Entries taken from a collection
■ ■ ■ ■ ■ ■ ■

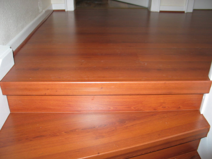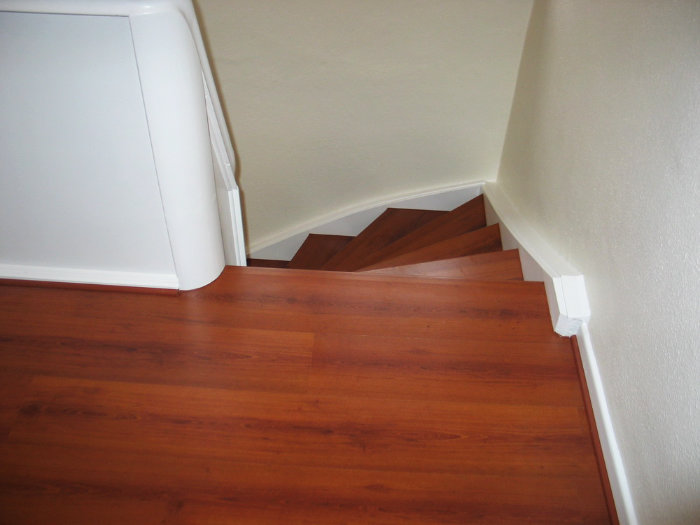 Stufen und Setzstufen Laminat Kirsche, Rest weiß lackiert, Boden Flur oben im Dekor
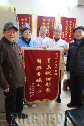 12月13日,浙大求是社区书记张利华与两位离退休老同志,将写着“用真诚树形象,用服务暖人心”的锦旗送到饮食服务中心玉泉餐饮 中心五、六食堂,感谢食堂一如既往地为老同志们提供美味可口的饭菜和热情周到的服务。
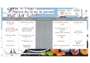 Menus du 12 au 16 janvier 2026
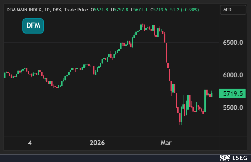 وفي سوق دبي، ارتفع المؤشر العام بنسبة 0.9% في جلسة الثلاثاء بدعم من ارتفاع سهمي سالك وإعمار العقارية بنسبة 3.3% و2.5% على التوالي.
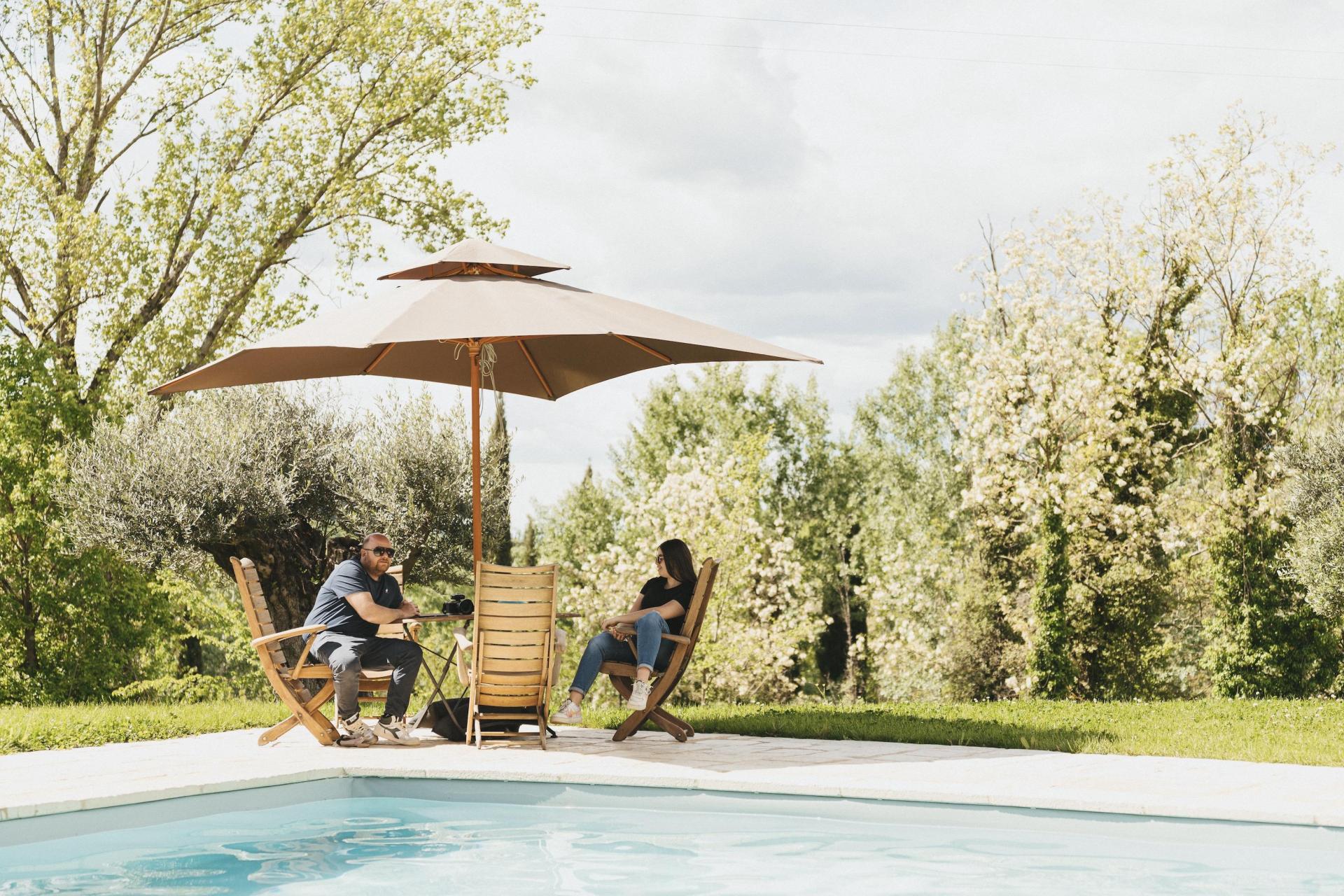 Der Pool liegt etwas höher auf dem Gelände und bietet einen weiten Blick über die Hügel und die umliegende Landschaft. Mit Liegen und schattigen Plätzen ist er ideal, um ein Buch zu lesen oder einfach einmal nichts zu tun.

■ ■ ■ ■ ■ ■ ■

The result should be an exact copy of every entry above, with no pictures included.

 Stufen und Setzstufen Laminat Kirsche, Rest weiß lackiert, Boden Flur oben im Dekor
 12月13日,浙大求是社区书记张利华与两位离退休老同志,将写着“用真诚树形象,用服务暖人心”的锦旗送到饮食服务中心玉泉餐饮 中心五、六食堂,感谢食堂一如既往地为老同志们提供美味可口的饭菜和热情周到的服务。
 Menus du 12 au 16 janvier 2026
 وفي سوق دبي، ارتفع المؤشر العام بنسبة 0.9% في جلسة الثلاثاء بدعم من ارتفاع سهمي سالك وإعمار العقارية بنسبة 3.3% و2.5% على التوالي.
 Der Pool liegt etwas höher auf dem Gelände und bietet einen weiten Blick über die Hügel und die umliegende Landschaft. Mit Liegen und schattigen Plätzen ist er ideal, um ein Buch zu lesen oder einfach einmal nichts zu tun.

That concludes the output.